- PROVIDED DATA:
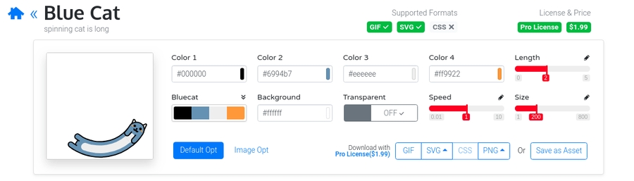 Vào xem thì mình nhận ra là trang này có rất nhiều hình loading vui vui, mà như con mòe này ko chỉ có thể đổi chọn palette màu, mà còn chỉnh được speed, size rồi preview trước khi download với mấy loại định dạng nữa.
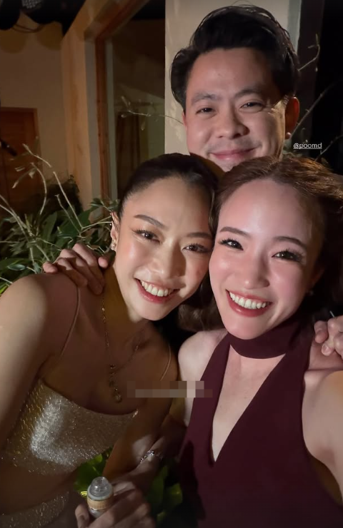Namfon穿白色礼服亮相,笑容灿烂与来宾合照,小腹隆起疑似怀孕,还有一张是Namfon和闺蜜的合照,上方是霍启仁与妻子手牵手的爱心图,两位新人当天应该玩得很开心。
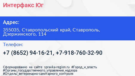 Интерфакс-Юг по адресу 355035, Ставропольский край, Ставрополь, Дзержинского, 114 в дальнейшем Организация, размещена в следующих категориях:
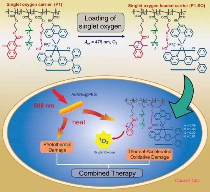 最近,轮盘游戏 IAM团队赵强教授和黄维院士领导的研究小组研制了一种水溶性的聚合物1O2载体,能够将体外产生的1O2运输到癌细胞中,造成癌细胞的氧化损伤,并且不需要消耗细胞中的O2,为解决上述问题提供了新思路。该聚合物(P1)主要由铱配合物、1,4-二甲基萘的衍生物(DMN)和水溶性PEG链通过自由基聚合反应得到。其中铱(III)配合物能够作为光敏剂产生1O2,紧接着产生的1O2会被DMN捕获并储存,从而得到了负载1O2的聚合物P1-SO。通过对P1-SO加热则能够释放1O2。为了在癌细胞中有效地释放1O2,他们将P1-SO和PEG修饰的金纳米棒(AuNRs@PEG)与癌细胞一起孵育,使其进入癌细胞。在808 nm的近红外光照射下,金纳米棒的光热效应不仅能够对癌细胞造成热损伤,还能够促进1O2的释放,对癌细胞造成氧化损伤,从而实现光热控制的治疗。这是第一例聚合物1O2载体用于光热控制肿瘤治疗的报道,使得1O2可像传统药物一样通过递送系统进入体内特定部位释放,从而对新型高效抗癌药物的研发具有重要的借鉴意义。
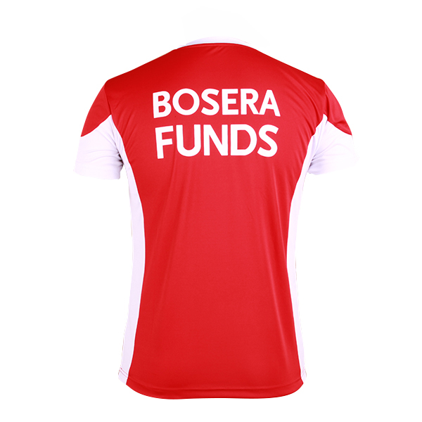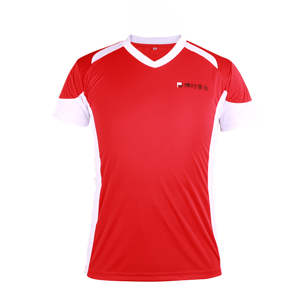 红色全涤V领插肩印花T恤男短袖T恤衫运动服,采用全涤速干面料,舒适耐穿,高性价比环保丝网印logo 专业纸样 标准裁剪,经典短袖时尚V领款式。
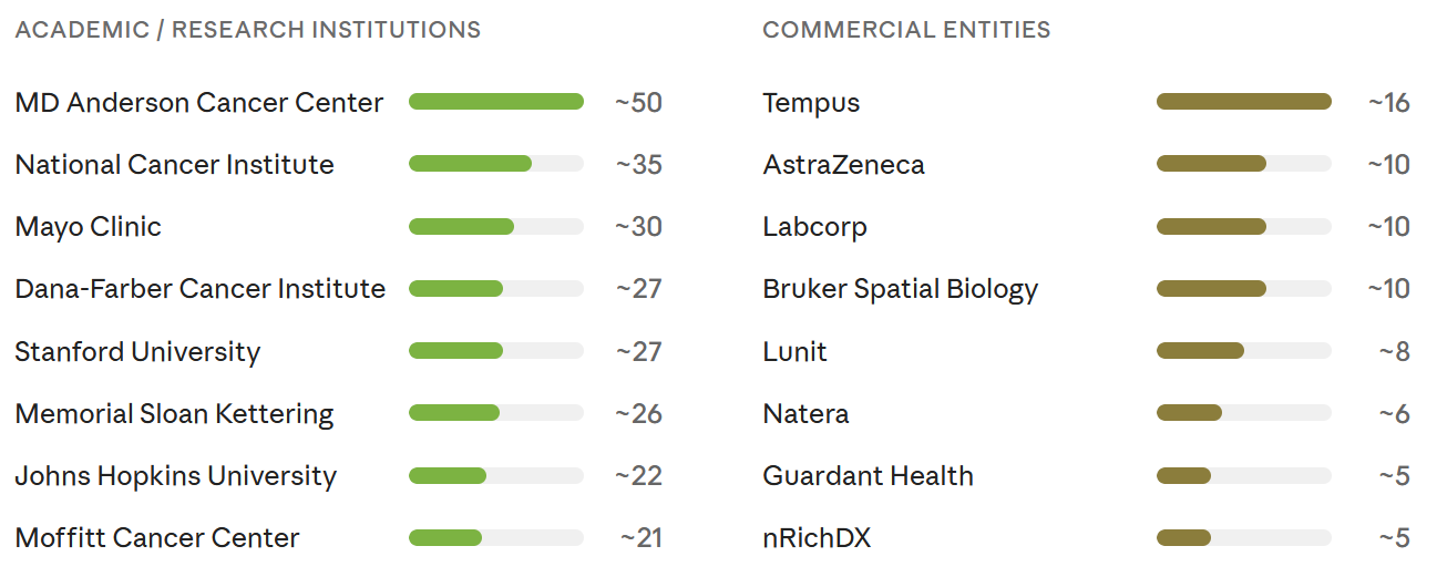 The leaderboard of AI-related abstract affiliations at AACR 2026, split by academic institutions and commercial entities:
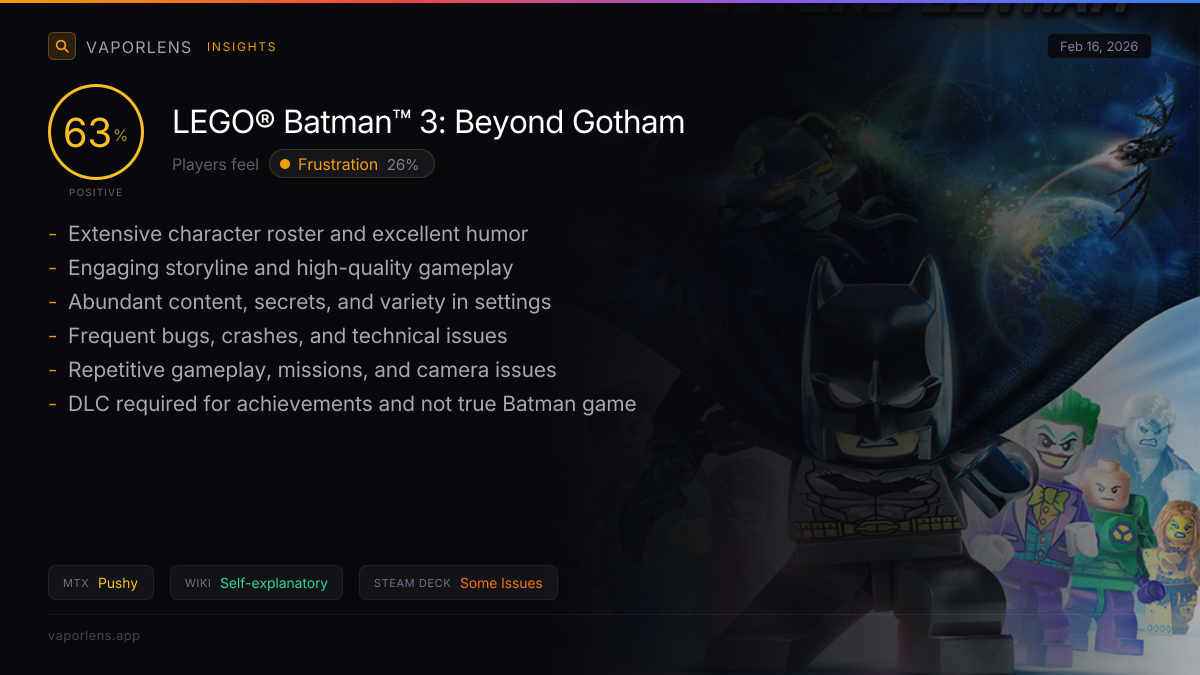 The analysis of user reviews for the game reveals several key themes related to its monetization and DLC strategy. A significant number of users express frustration with achievements being locked behind paid DLCs, which is seen as a predatory practice forcing additional spending. Many reviews also highlight that the DLCs are overpriced and not worth the regular cost, recommending purchases only during sales. There are mixed feelings about the value of the DLCs, with some users appreciating certain aspects while finding others annoying. Overall, the monetization strategy, particularly around DLCs, is a major point of contention among users. Score: 65 / 100
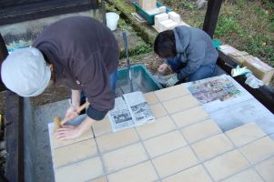 ![]() 窯の床を耐火セメントを使って耐火煉瓦を敷いていきます。 |
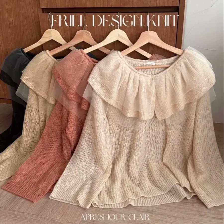 튤이 겹쳐진 큰 옷깃이 눈길을 끄는 니트 풀오버.
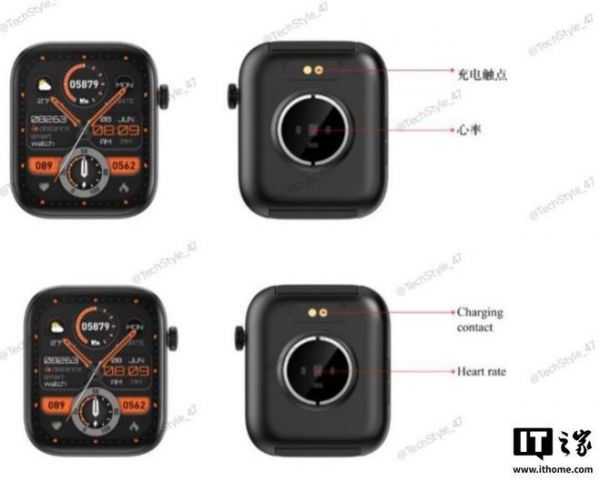 参考相应渲染图,这款智能手表采用 1.9 英寸方形屏幕,右侧提供可旋转的表冠按钮,配备硅胶运动表带,手表支持心率和血氧监测功能,同时支持常规蓝牙通话、音乐控制、闹钟等基础功能,使用触点充电。

- WHAT YOU ARE ASKED TO DO: Write out the data above in full and exactly, but without the pictures.

- ANSWER SPACE:
 Vào xem thì mình nhận ra là trang này có rất nhiều hình loading vui vui, mà như con mòe này ko chỉ có thể đổi chọn palette màu, mà còn chỉnh được speed, size rồi preview trước khi download với mấy loại định dạng nữa.
Namfon穿白色礼服亮相,笑容灿烂与来宾合照,小腹隆起疑似怀孕,还有一张是Namfon和闺蜜的合照,上方是霍启仁与妻子手牵手的爱心图,两位新人当天应该玩得很开心。
 Интерфакс-Юг по адресу 355035, Ставропольский край, Ставрополь, Дзержинского, 114 в дальнейшем Организация, размещена в следующих категориях:
 最近,轮盘游戏 IAM团队赵强教授和黄维院士领导的研究小组研制了一种水溶性的聚合物1O2载体,能够将体外产生的1O2运输到癌细胞中,造成癌细胞的氧化损伤,并且不需要消耗细胞中的O2,为解决上述问题提供了新思路。该聚合物(P1)主要由铱配合物、1,4-二甲基萘的衍生物(DMN)和水溶性PEG链通过自由基聚合反应得到。其中铱(III)配合物能够作为光敏剂产生1O2,紧接着产生的1O2会被DMN捕获并储存,从而得到了负载1O2的聚合物P1-SO。通过对P1-SO加热则能够释放1O2。为了在癌细胞中有效地释放1O2,他们将P1-SO和PEG修饰的金纳米棒(AuNRs@PEG)与癌细胞一起孵育,使其进入癌细胞。在808 nm的近红外光照射下,金纳米棒的光热效应不仅能够对癌细胞造成热损伤,还能够促进1O2的释放,对癌细胞造成氧化损伤,从而实现光热控制的治疗。这是第一例聚合物1O2载体用于光热控制肿瘤治疗的报道,使得1O2可像传统药物一样通过递送系统进入体内特定部位释放,从而对新型高效抗癌药物的研发具有重要的借鉴意义。
 红色全涤V领插肩印花T恤男短袖T恤衫运动服,采用全涤速干面料,舒适耐穿,高性价比环保丝网印logo 专业纸样 标准裁剪,经典短袖时尚V领款式。
 The leaderboard of AI-related abstract affiliations at AACR 2026, split by academic institutions and commercial entities:
 The analysis of user reviews for the game reveals several key themes related to its monetization and DLC strategy. A significant number of users express frustration with achievements being locked behind paid DLCs, which is seen as a predatory practice forcing additional spending. Many reviews also highlight that the DLCs are overpriced and not worth the regular cost, recommending purchases only during sales. There are mixed feelings about the value of the DLCs, with some users appreciating certain aspects while finding others annoying. Overall, the monetization strategy, particularly around DLCs, is a major point of contention among users. Score: 65 / 100
 ![]() 窯の床を耐火セメントを使って耐火煉瓦を敷いていきます。 |
 튤이 겹쳐진 큰 옷깃이 눈길을 끄는 니트 풀오버.
 参考相应渲染图,这款智能手表采用 1.9 英寸方形屏幕,右侧提供可旋转的表冠按钮,配备硅胶运动表带,手表支持心率和血氧监测功能,同时支持常规蓝牙通话、音乐控制、闹钟等基础功能,使用触点充电。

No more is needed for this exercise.